### What to produce
Drop all pictures and repeat exactly the lines from the line holding "03:08:17Nach dem Scheitern" through the end of the records.

### Provided records

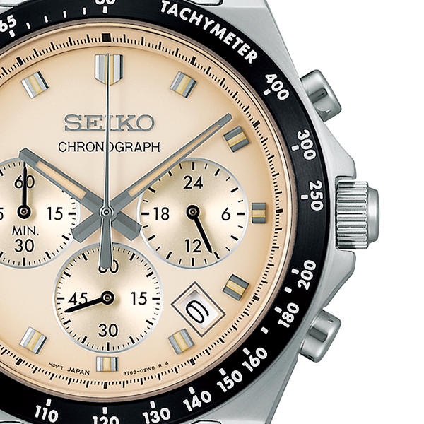 ヴィンテージデザインを現代風にアレンジしており、インデックスや針のデザイン、多列のメタルブレスレットで往年のセイコー クロノグラフらしさを踏襲しつつも、ソリッドなケース形状にあわせた新しいスタイルのデザインが特長です。
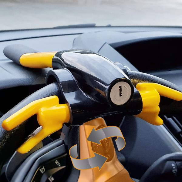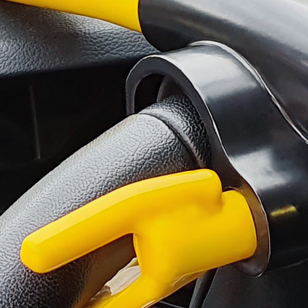 Además de su función mecánica, el propio diseño actúa como elemento preventivo. Su color amarillo de alta visibilidad y su posición sobre el salpicadero permiten verlo fácilmente desde el exterior, lo que reduce considerablemente el riesgo de intento de robo al transmitir una imagen clara de protección. El sistema de cierre está pensado para el uso diario.
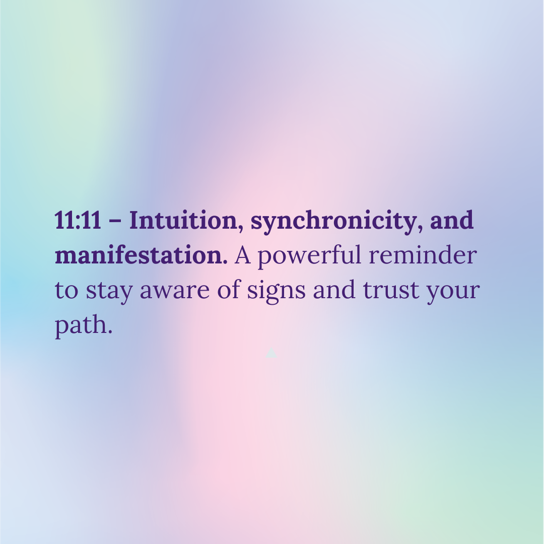 - 11:11 – Intuition, synchronicity, and manifestation. A powerful reminder to stay aware of signs and trust your path.
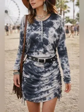 Tie Dye Henley Mini Dress Ruched Ribbed Thermal Top Bodycon Tunic Boho Festival
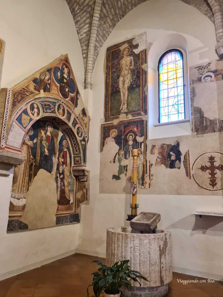 Il suo interno, rimaneggiato nel ‘900, è caratterizzato da un’ampia navata centrale e da due navate laterali. Ha volte a crociera che il pittore Sigismondo Nardi ha affrescato con l’immagine della Vergine, delle Virtù Teologali e Cardinali.  Nelle pareti della navata di sinistra possiamo notare degli affreschi che risalgono al ‘300 ed in particolare ce n’è uno raffigurante il volto di Sant’Andrea che è attribuito alla scuola dei Salimbeni.
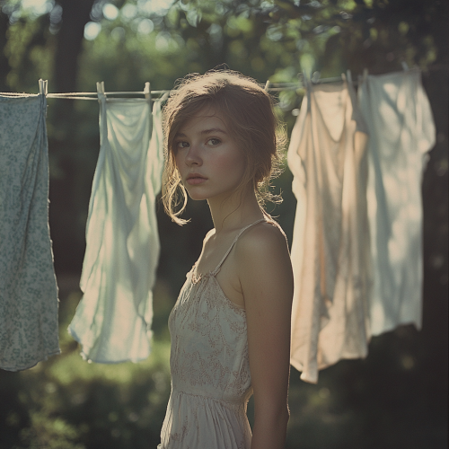The image depicts a young woman standing between lines of freshly washed laundry hanging outside to dry. She is captured in a soft, natural light that creates a warm and slightly nostalgic atmosphere. The woman is wearing a sleeveless, light-colored dress with a subtle, delicate pattern, which complements the vintage, timeless feel of the scene. She is turned slightly to the side, glancing over her shoulder with a serene and thoughtful expression. The sunlight filters through the fabric of the clothes, casting gentle shadows and highlighting the soft textures of the garments. The hanging clothes include light-colored items, possibly linens or summer dresses, fluttering gently in the breeze. The background is filled with leafy trees, indicating that this scene takes place in a peaceful, outdoor garden or backyard. The overall mood of the image is tranquil and reminiscent of a simpler, quieter time, where everyday tasks like hanging laundry become moments of quiet reflection. The composition and lighting enhance the intimate and serene quality of the scene.
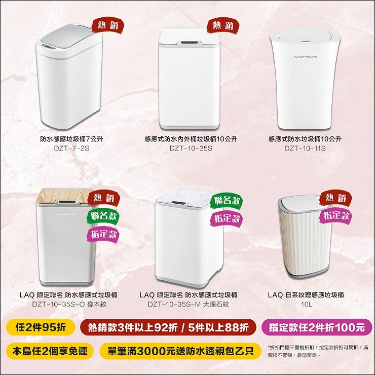 每到年底大掃除或是有人搬新家就有人來問感應式垃圾桶何時要開?如果家裡垃圾桶還沒蓋的要小心!這三年疫情發生後很多習慣要改,除了養成戴口罩勤洗手的好習慣,垃圾桶要有蓋防堵細菌蚊蟲滋生也是重點,上一團就有出強化異味阻隔加裝活性炭收納盒的430不鏽鋼材質,還要再推一下聯名款的橡木紋及大理石紋,真的很有質感~~感應式垃圾桶社長自己用了快五年,真的大推!!而且我自己實際使用了近半年才充電(更換頻率視每個人使用狀況)。垃圾桶是每個家庭不可或缺的存在,走到那裡都需要!時代在進步,現在連垃圾桶都可以是美美又療癒的存在~~尤其社長家目前白色風暴持續蔓延中,暨白色風扇、白色吸塵器、白色咖啡機之後,白色垃圾桶、白色氣炸烤箱緊接著上場!幾年前去看牙醫時,就覺得感應式垃圾桶蠻好用的!零接觸乾淨美型又衛生,但心想應該就是不便宜,還有耗電吧...實際使用過請注意:這種感應式垃圾桶用了就回不去了喔,免腳踩或手掀,只要手在上面揮一揮就開,真的很省事方便,又衛生低耗電、尤其有蓋(防臭異味飄出),還沒試過的真的要試試!!尤其是家有各種小孩的(包括毛小孩),不用擔心他們去翻玩垃圾XD,在這個人人自保防疫的關鍵時刻,真的不要再錯過了~~本團所有商品提供保固一年半的服務,維修時請務必提供保卡+發票,這次還談到#獨家多入優惠,兩入95折/3入92折/5入88折且免運,#特定組合再折100元,既然要換就整個家裡都汰換,包括各個空間配置如客廳廚房臥室衛浴,只是記得廚房衛浴要選防水的。
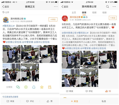 “如果当时老人没有被及时救上岸,会有生命危险。”当日出警的滁州市龙蟠派出所姚警官说,他对这三名学生的行为表示了肯定,“这几位年轻小伙在别人遇到困难时,能够挺身而出,这种见义勇为的行为值得赞许。”
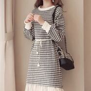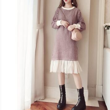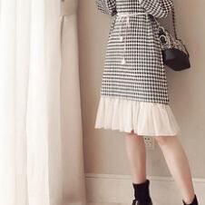 全2色 ワンピース レース 格子柄 ひざ丈 シンプル フェミニン 大人可愛い お出かけ デート 大きいサイズ 女子会 お買い物 ピンク ブラック 秋冬
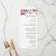 Esta floral tropical colorida | El menú de la cena boda es perfecto para su boda boho moderno, verde, violeta y melocotón. El diseño cuenta con un elegante ramo de vegetación acuática clásica y flores que pueden incluir eucalipto verde salado, protea malva y roja, hibiscos rosa rubor, ave paradisíaca naranja y azul, y hojas de palmera verde oscuro. El diseño es ideal para un boda de viajes sencillo, creativo y único para primavera, verano, otoño o invierno. Encontrará otro papel de boda que coincida o coordine el resto de la colección.
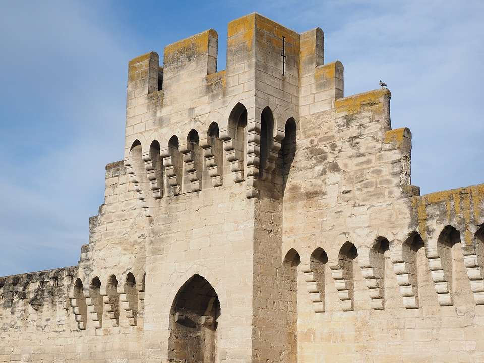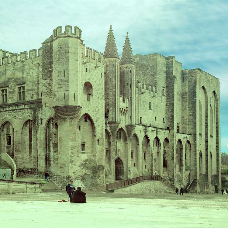 教皇宮(Palais des Papes) 由西蒙德 . 馬蒂尼和馬泰奧.焦瓦內(nèi)蒂設(shè)計(jì)裝飾的羅馬教主宮,看上去是非常古樸的城堡,它俯視著這座城市,環(huán)城的城墻和 12 世紀(jì)遺留下來的橫跨羅納河的橋梁。這座突出的哥特式建筑下面的廣場上,小宮殿和圣母院教士的羅馬主教堂構(gòu)成了一組特殊的紀(jì)念碑,他們顯示了阿維尼翁在 14 世紀(jì)基督化的歐洲所扮演的突出角色。
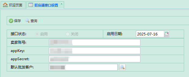 1、将旺店通系统提供的卖家账号、appkey、appsecret填写到接口设置中;再选择默认批发客户,保存数据;
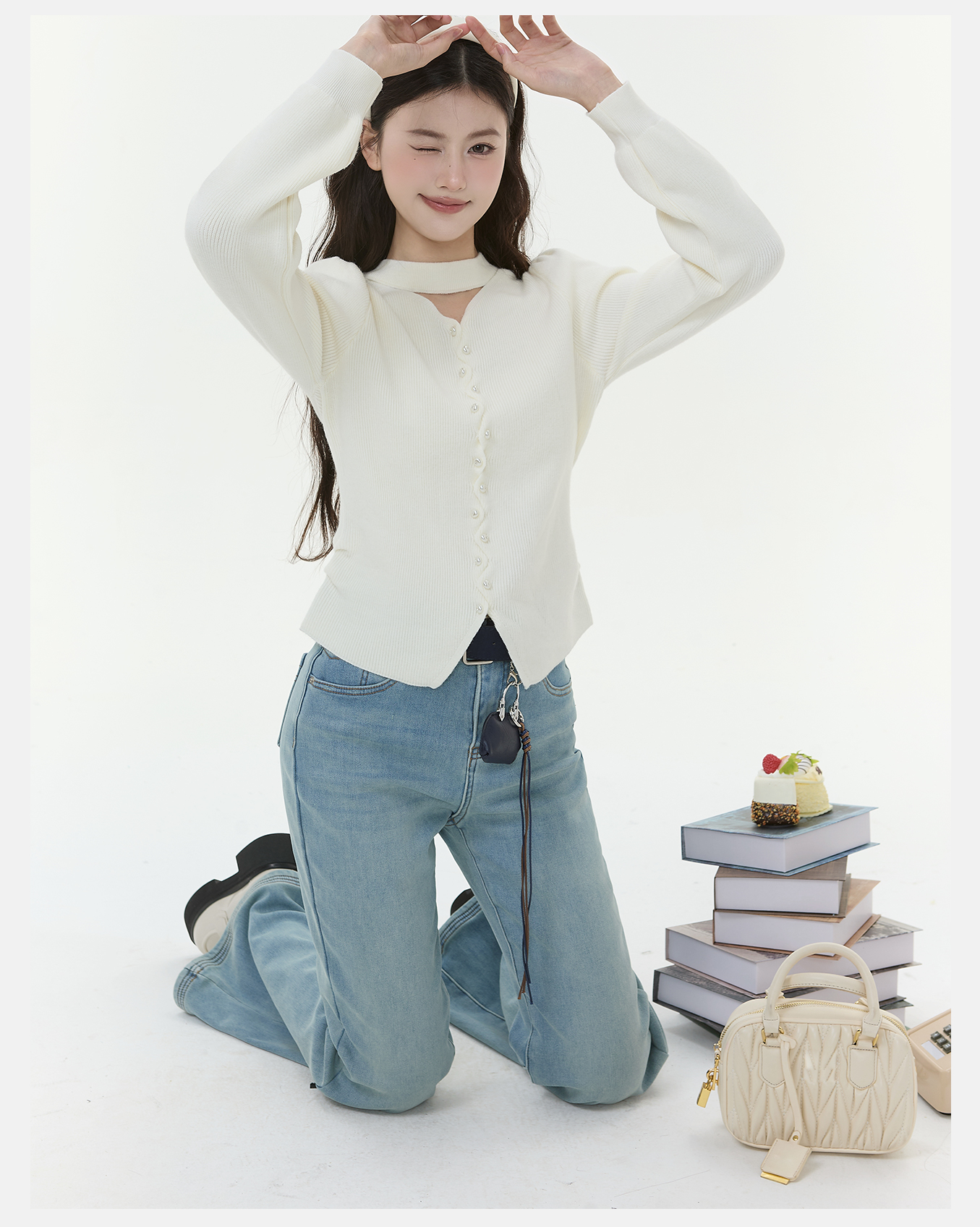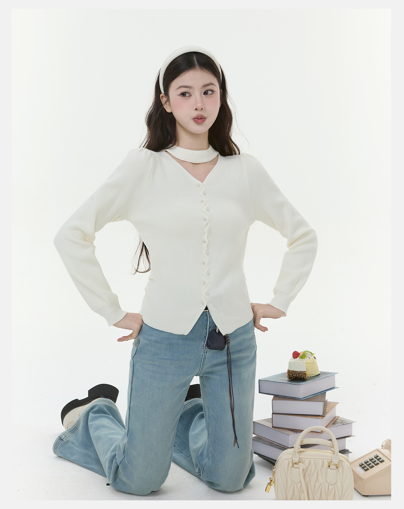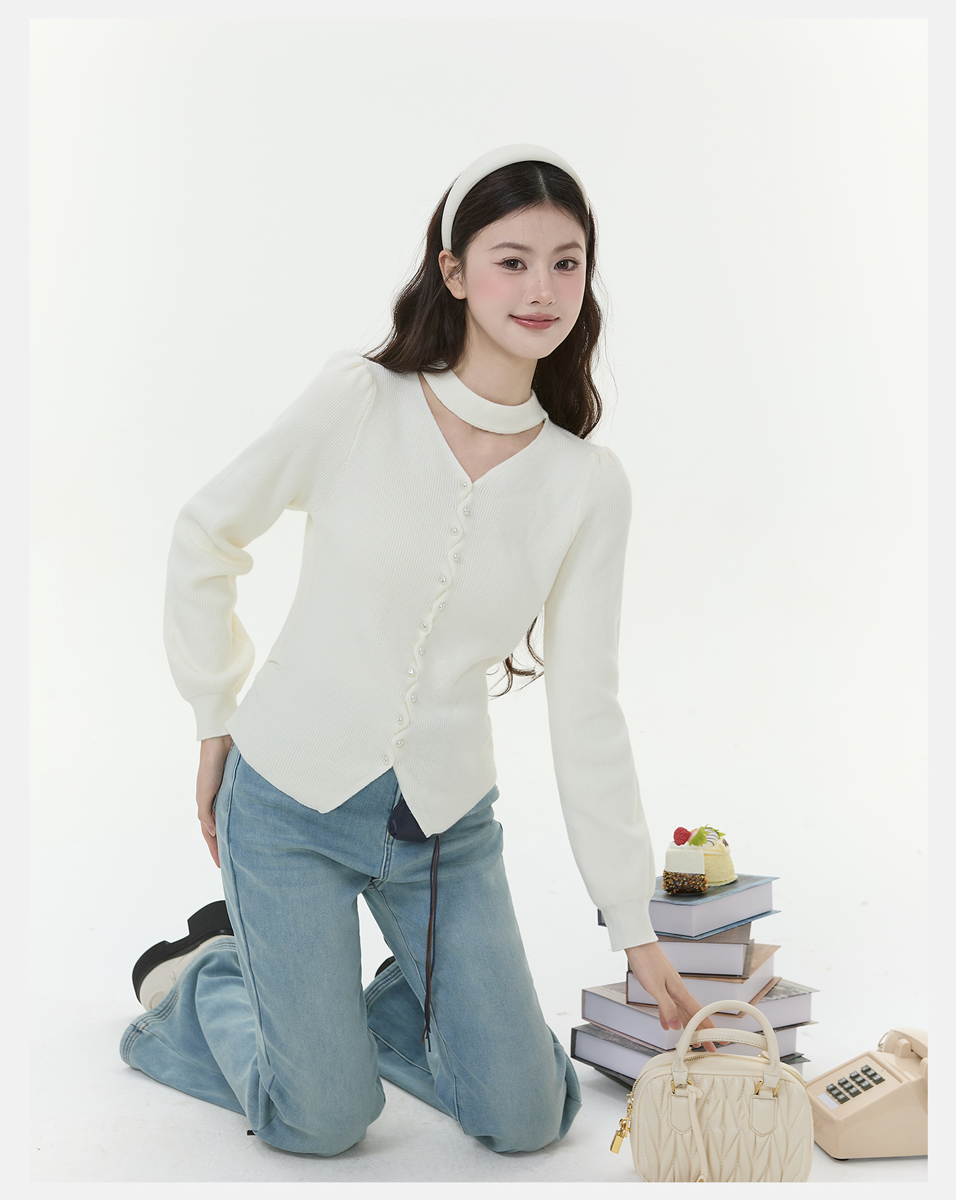 P&X设计师女装2025冬季打底修身毛针织衫短款毛衣825418187 杏色
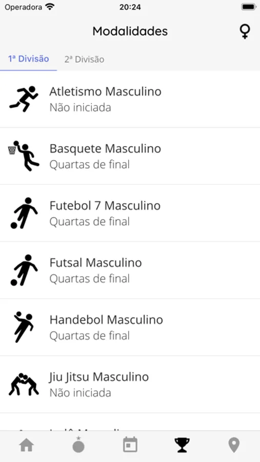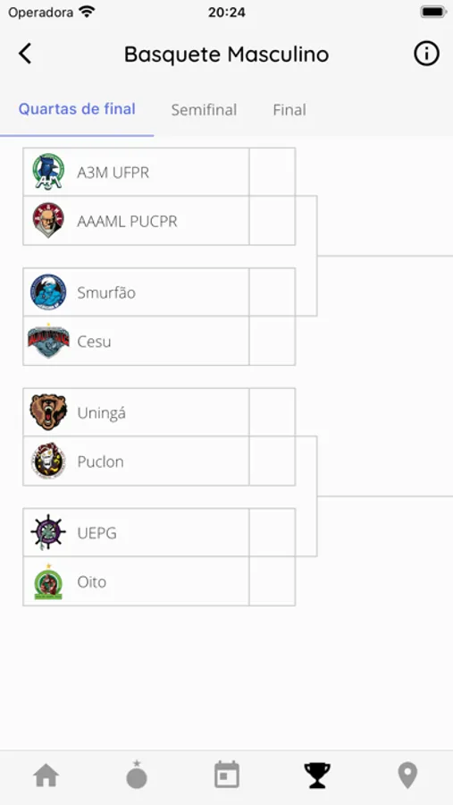- Ver o calendário de jogos da competição, chaveamento das modalidades e classificações
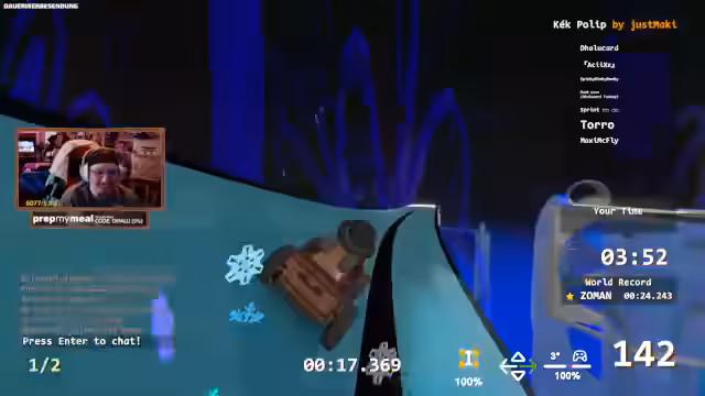 03:08:17Nach dem Scheitern an den Eisabschnitten wenden sich die Teilnehmer abwechslungsreicheren Strecken zu. Es werden strategische Wege mit Seifenkisten und Speed-Pads gefunden, um schneller voranzukommen. Besonders der Weg über eine Seifenkiste in einen Dreher und anschließend in einen Stopper wird als effizient identifiziert und mehrmals getestet, um die bestmögliche Zeit zu erzielen.
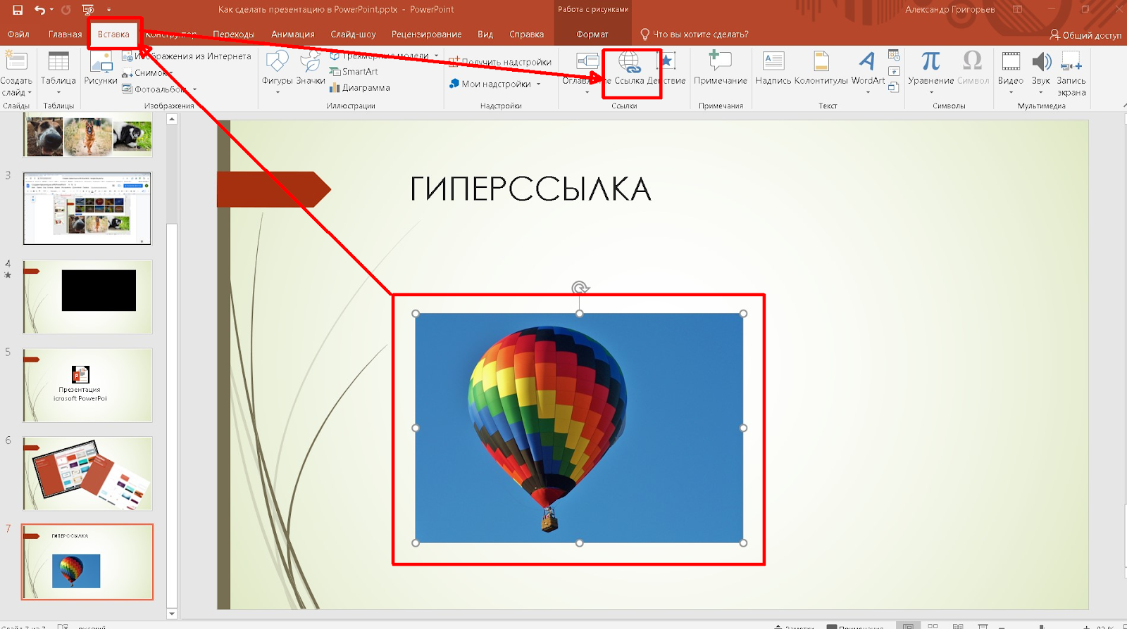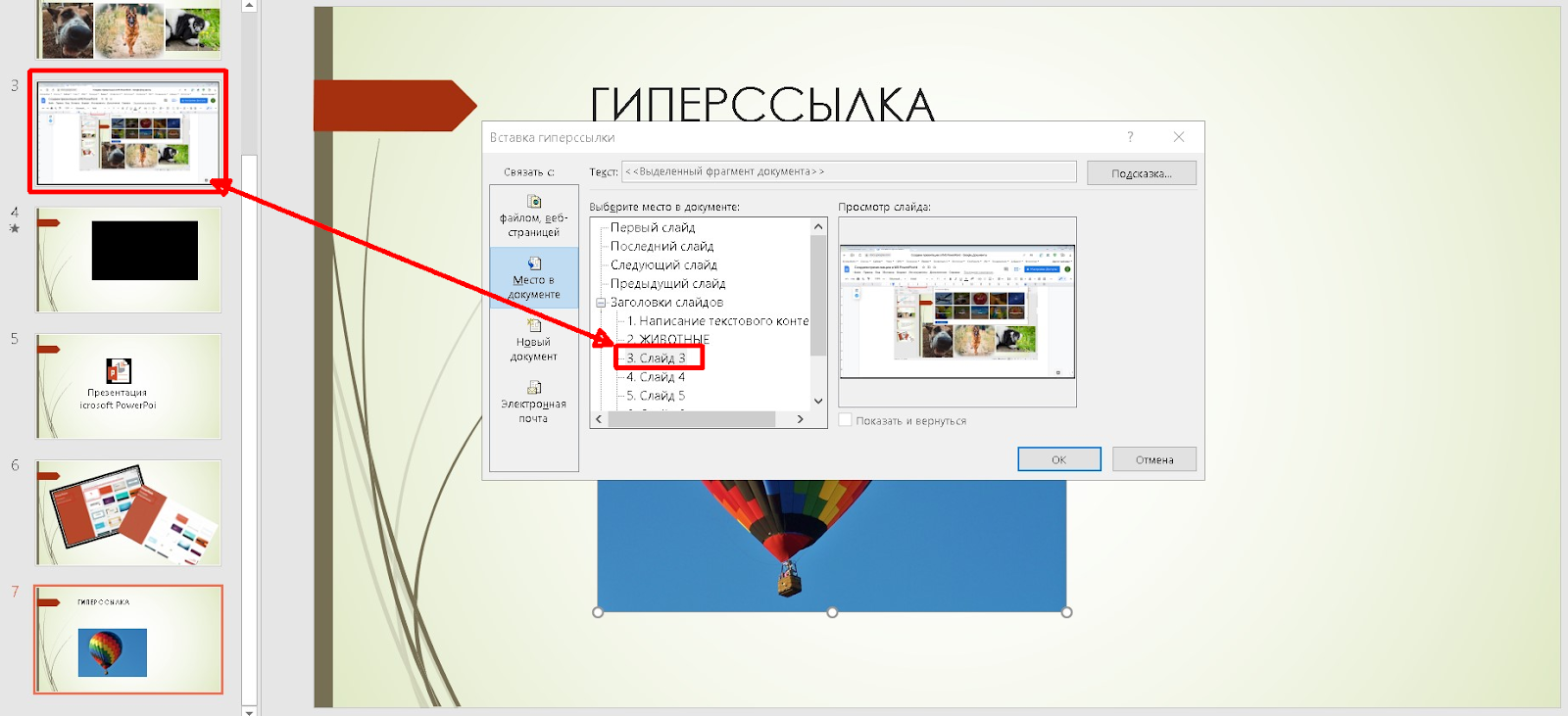 - К примеру, я привязываю ссылку к странице в существующей презентации — Слайду 3. Связь с определенным слайдом можно установить его перетаскиванием на объект создания ссылки. Чтобы перейти по гиперссылке, нужно щелкнуть по ней ЛКМ, удерживая клавишу Ctrl.

### Reply to the exercise
 03:08:17Nach dem Scheitern an den Eisabschnitten wenden sich die Teilnehmer abwechslungsreicheren Strecken zu. Es werden strategische Wege mit Seifenkisten und Speed-Pads gefunden, um schneller voranzukommen. Besonders der Weg über eine Seifenkiste in einen Dreher und anschließend in einen Stopper wird als effizient identifiziert und mehrmals getestet, um die bestmögliche Zeit zu erzielen.
 - К примеру, я привязываю ссылку к странице в существующей презентации — Слайду 3. Связь с определенным слайдом можно установить его перетаскиванием на объект создания ссылки. Чтобы перейти по гиперссылке, нужно щелкнуть по ней ЛКМ, удерживая клавишу Ctrl.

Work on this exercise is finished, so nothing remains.